El guión tiene miga, ¡eh! Por supuesto tiene tipo de ejemplar fá­bula o apólogo. Recordando el ca­so del flautista vergonzante, yo pienso ahora que casi todos, poco más o menos, en algunas ocasio­nes, hacemos lo que él. Pienso que todos estamos interesadísimos en gustar, en estar al día, en parti­cipar en las corrientes actuales, en sumirnos en el cauce de lo nuevo. Esto es bueno; pero no hasta el punto —estimo— de llegar al caso del pobre flautista. No hasta el ex­tremo de confundirnos en el nú­mero de los incondicionales y entusiastas de la ultimísima hora. No hasta la indignidad de abdicar de nuestras íntimas convicciones.
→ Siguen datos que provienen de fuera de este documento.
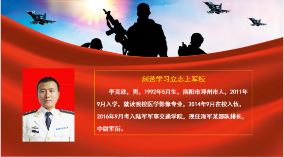 当代青年生逢其时,肩负重任,当志存高远、脚踏实地,希望我们每个人都能把个人的理想追求融入到党和国家事业之中,为党、为祖国、为人民多做贡献,积极参军入伍!
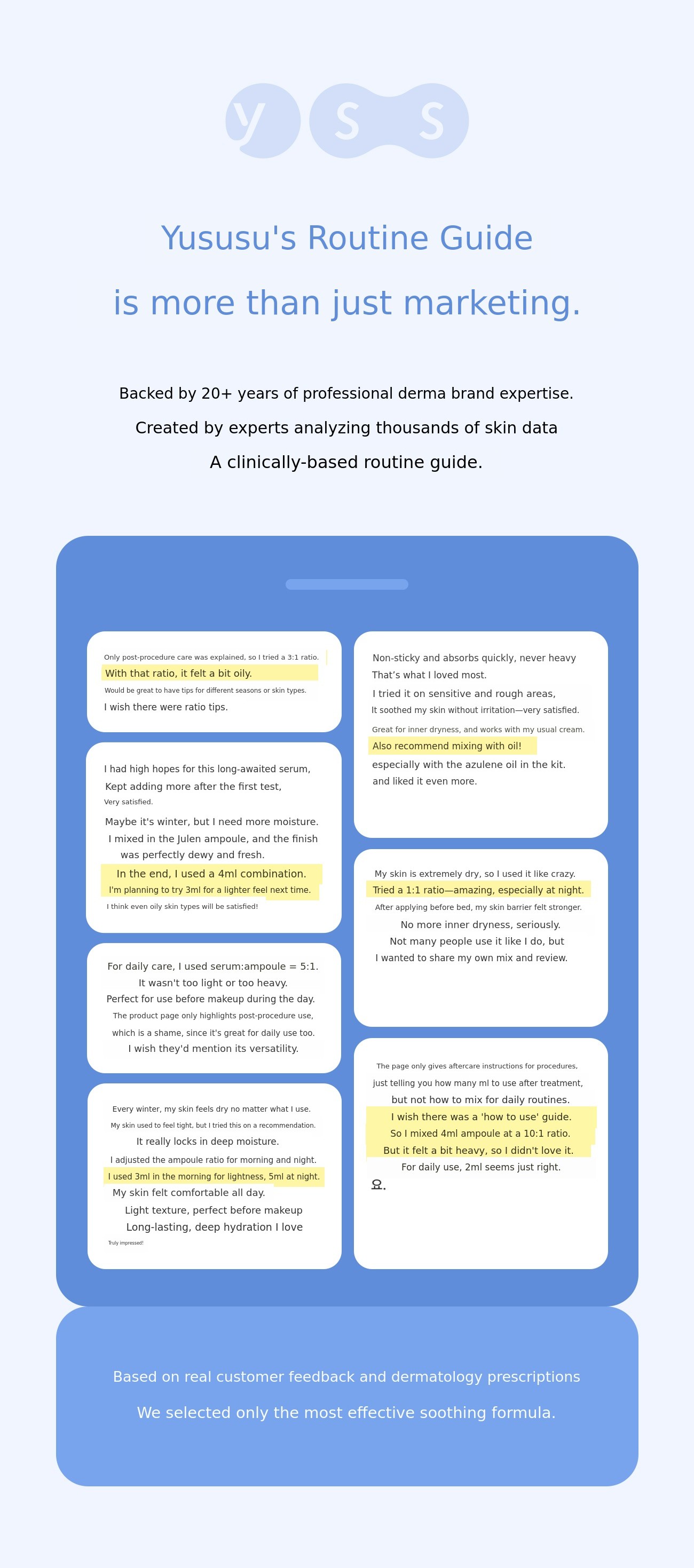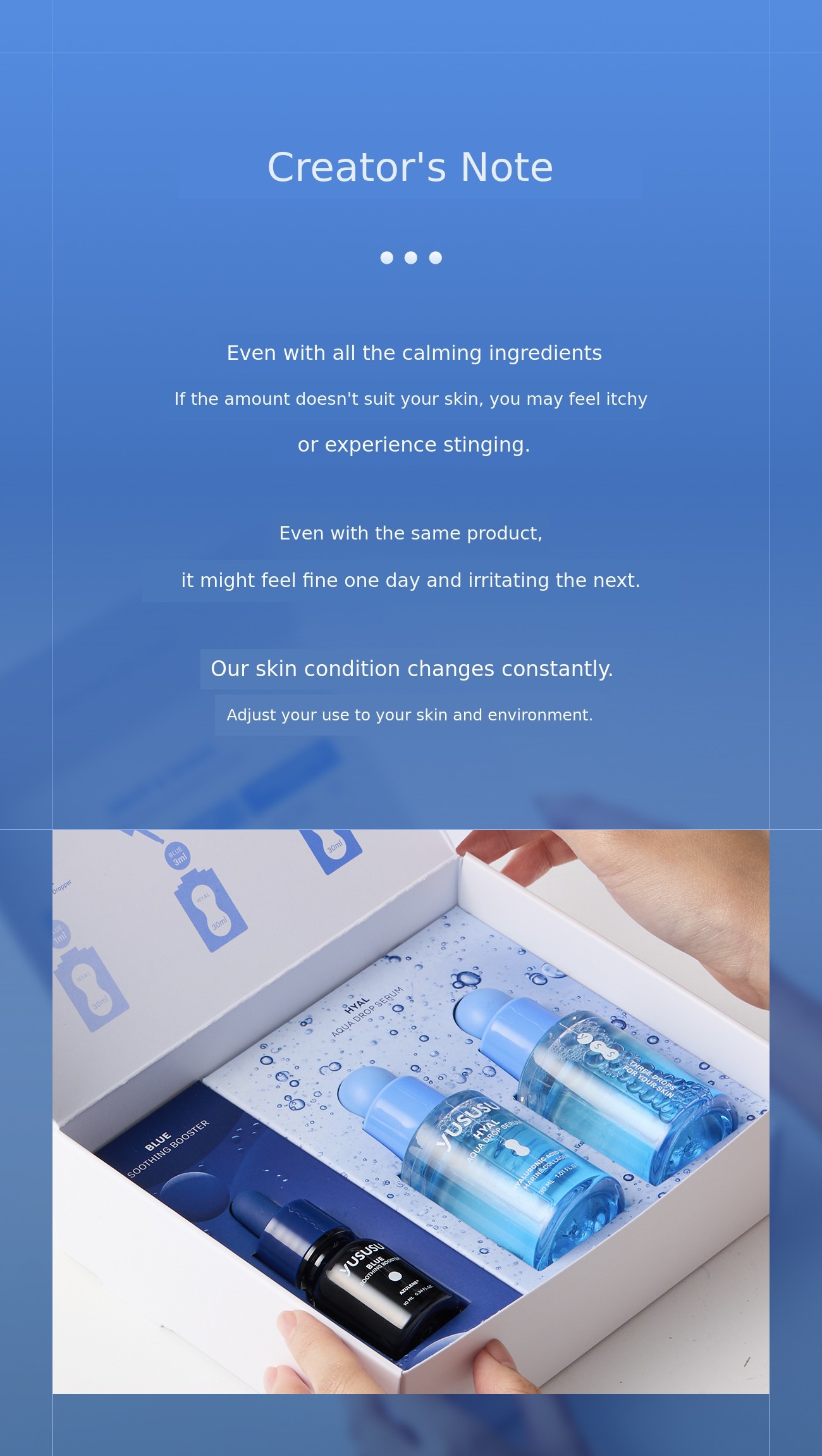 A. Of course! However, Yususu serum step ‘alone even with just soothing + Moisturizing Routine Completed’Because of its structure , you do not need to layer too many products. Also the remaining Blue Soothing Booster The cream you are using, mask or pad can be mixed and used. (It can enhance the calming effect for troubled skin.)
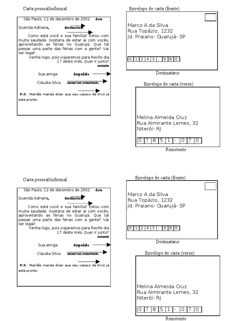 Cláudia Silva nome/[Link]. Envelope de carta (verso)
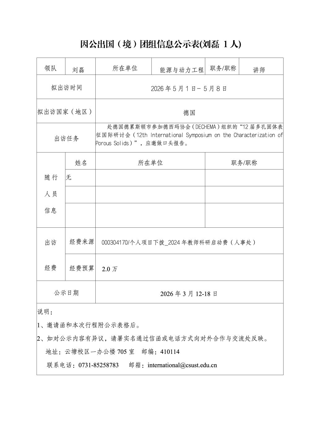 因公出国(境)团组信息公示表(刘磊 1人)
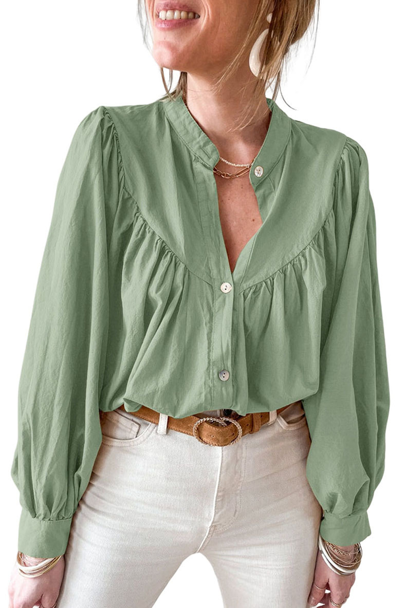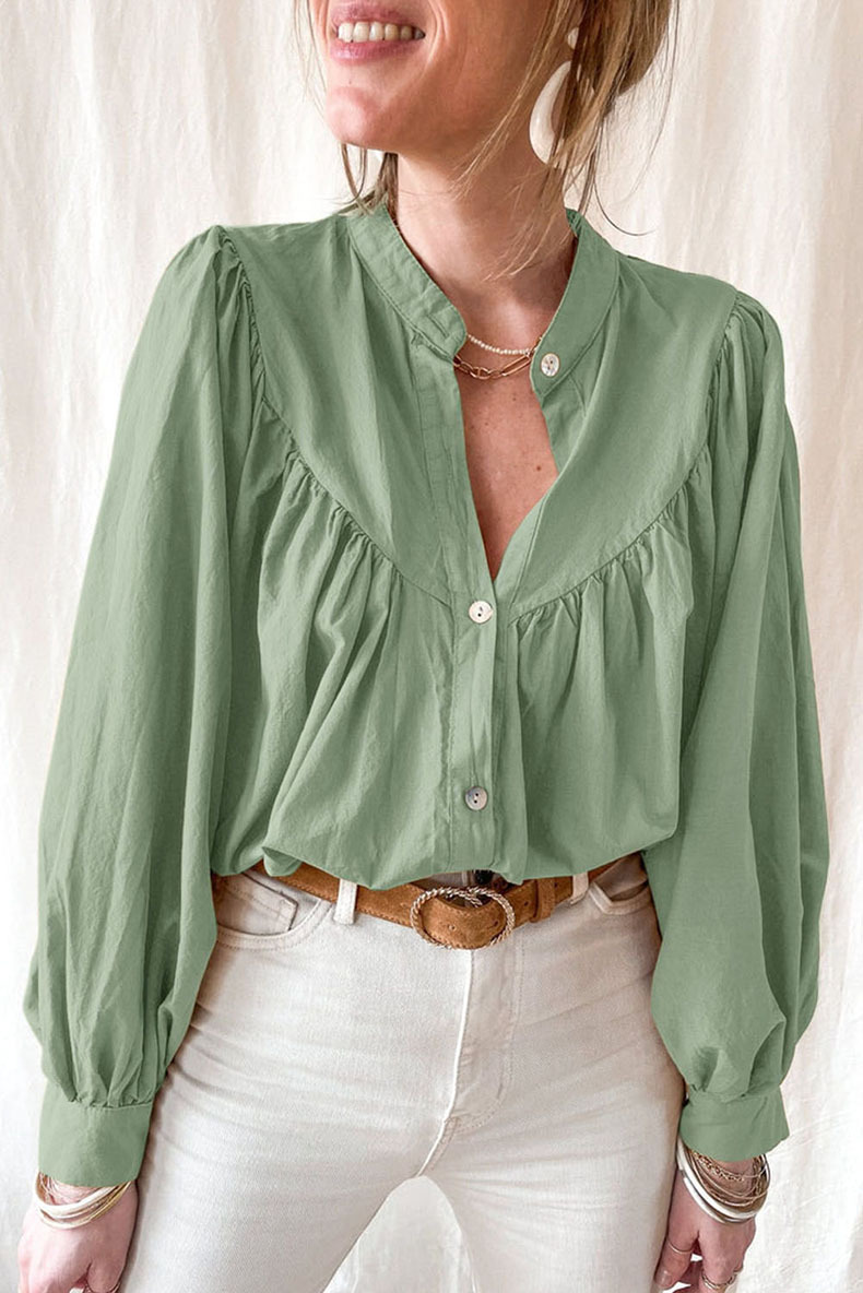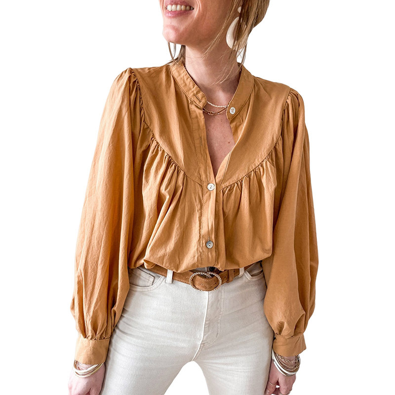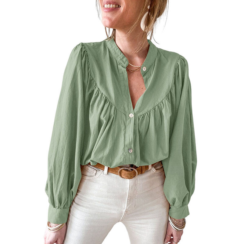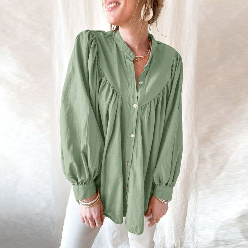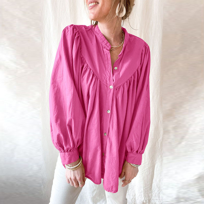 New solid color loose long sleeve blouse women casual pleated shirt
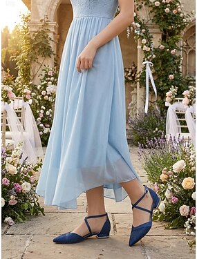 scarpe da damigella d'onore da donna in pizzo blu navy con cinturino alla caviglia – scarpe da sposa con punta a punta e tacco basso
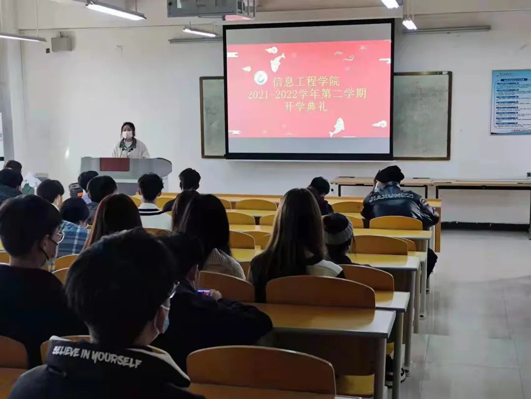 为了让同学们更快、更好地适应校园生活节奏,全身心投入到校园学习生活中去,根据pp电子2022年春季学期开学方案和防疫工作要求,信息工程学院于2月26下午组织各班召开开学典礼暨开学第一课,各班班主任主持。
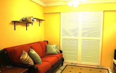 亮點一:客廳和餐廳呈手槍狀,墻面以米黃色為主。地面鋪的是地磚,斜向的大方塊并黃綠兩色相拼,自然而古樸?蛷d百葉門的后面其實是一個房間,有意思吧。
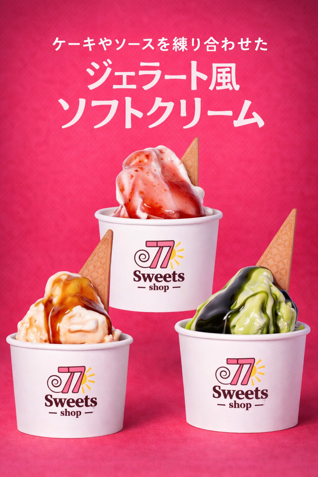 77Sweets shop 十条店の導入する「アイスは別腹」では岐阜県・関牛乳の生乳を使用した「リッチなミルク感」が特徴のソフトクリームを販売いたします。

No hasta el ridículo de borrar lo que somos —porque a lo mejor lo que somos no se cotiza— en bene­ficio de lo que queremos parecer, alineando nuestros usos, ideas, aficiones y juicios, con los gustos, usos, juicios y criterios de alta co­tización en la bolsa de la literatu­ra actual, del arte actual, de la actual moda teológica, etc., etc.

Yo admiro bastante —a ratos— la literatura hispanoamericana, pe­ro desde luego no desearía que mi entusiasmo creciera tanto que me llevara algún día a decir que "Cien años de soledad" es obra que por lo menos iguala a "Don Quijote de la Mancha". Yo les he dicho en innúmeras ocasiones a alumnos de Historia de Arte que Picasso y Braque, y Tapies, y Kandinsky son artistas geniales. Lo que no quisie­ra es ponerme tan rabiosamente al día que llegase la lección en que dijera: "Amigos, os aseguro que es ahora cuando de verdad comienza con epígonos de Picas­so, Braque y Kandinsky, la genuina pintura". Y yo participo de la idea legítima y necesaria y ortodoxa de que la Iglesia Católica debe reno­varse y que todos estamos obliga­dos a hacer efectiva esa renova­ción. Pero, ¿podré sustentar yo al­gún día —si no quiero parecerme al flautista de la Filarmónica qué se deshilachaba en la orquesta de ritmos con mucho ritmo—; podré yo insinuar algún día, equívoca­mente, en un exceso de condescen­dencia ecuménica, que hay que "es­tudiar" lo de la Resurrección de Cristo, o lo de la Eucaristía, o lo de la Virginidad de Nuestra Se­ñora o lo de la infalibilidad ponti­ficia, o lo del Magisterio de la Iglesia, o lo de los Milagros de Nuestro Señor, "a la luz" de la teología de Bultmann? ¿.O que es bueno adaptar las enseñanzas de las Encíclicas de Pablo VI a las in­terpretaciones de los concilios y subconcilios holandeses?

No, y mil veces no. Yo no debo, ni quiero, ni puedo incurrir en esas actitudes porque ante todo yo soy devoto de la orquesta y nada más, ocasional y efímeramente especta­dor del conjunto. Y si es natural que Picasso y Braque y Tapies hagan surgir mi aplauso, jamás estaré obligado a considerarles aca­paradores de mi entusiasmo eter­no. Y si los novelistas americanos, si Borges, si García Márquez, si Cortázar, llegan alguna hora a eri­zarme emociones, ¿me voy a unir por eso al coro de los fanáticos que bailan y bailan y vuelven a bailar al son del pandero que esos excelentes novelistas pulsan? Pe­ro tampoco —a pesar de que quie­ro estar al día— deseo de ninguna manera que me conquiste el progresismo católico radical por muy ilustres que resulten sus impulsores.

Porque yo me complazco en repetir —aunque la insistencia no guste o guste menos— que lo que de verdad a uno le agrada es ser modesto músico flautista de la Fi­larmónica y no "divo" de conjun­to. Así es que no tengo más reme­dio que confesar que elijo siem­bre, para confortante evasión, mi flauta. Y que si, acaso, he leído un capítulo de "Cien años de soledad" con gusto, mi verdadera emoción brota cuando me traslado, por ejemplo, a uno de los libros deli­ciosos de "Azorín". Y que si, como todo el mundo, opino, cuando se presenta, que los ritmos modernos "tienen de bueno que tienen mucho ritmo", luego, al llegar a casa le digo a Rosa, a mi mujer, que si me quiere poner música de Bach, de Beethoven, de Mozart, de Haynd...

Y tras asistir con verdadera com­placencia a una charla en la que se me habla del contexto socio-religioso-político de la sociedad española —con citas de San Pablo y de Rabindranath Tagore—, a mí lo que de verdad me pone ancho el corazón es encontrarme luego a un cura con sotana que sale de su iglesia y que acaba de entonar en latín, ante el Santísimo Sacramento, en fervorosa oración, aquellos versos del "Pange Lingua", com­pendio y símbolo de la verdadera, genuina, auténtica, renovación religiosa: aquellos versos que dicen bellamente "Recedant, vetera; no­va sit omnia; corda, voces et ope­ra". ("Retroceda lo viejo; todo sea renovado; el corazón, las palabras y las obras").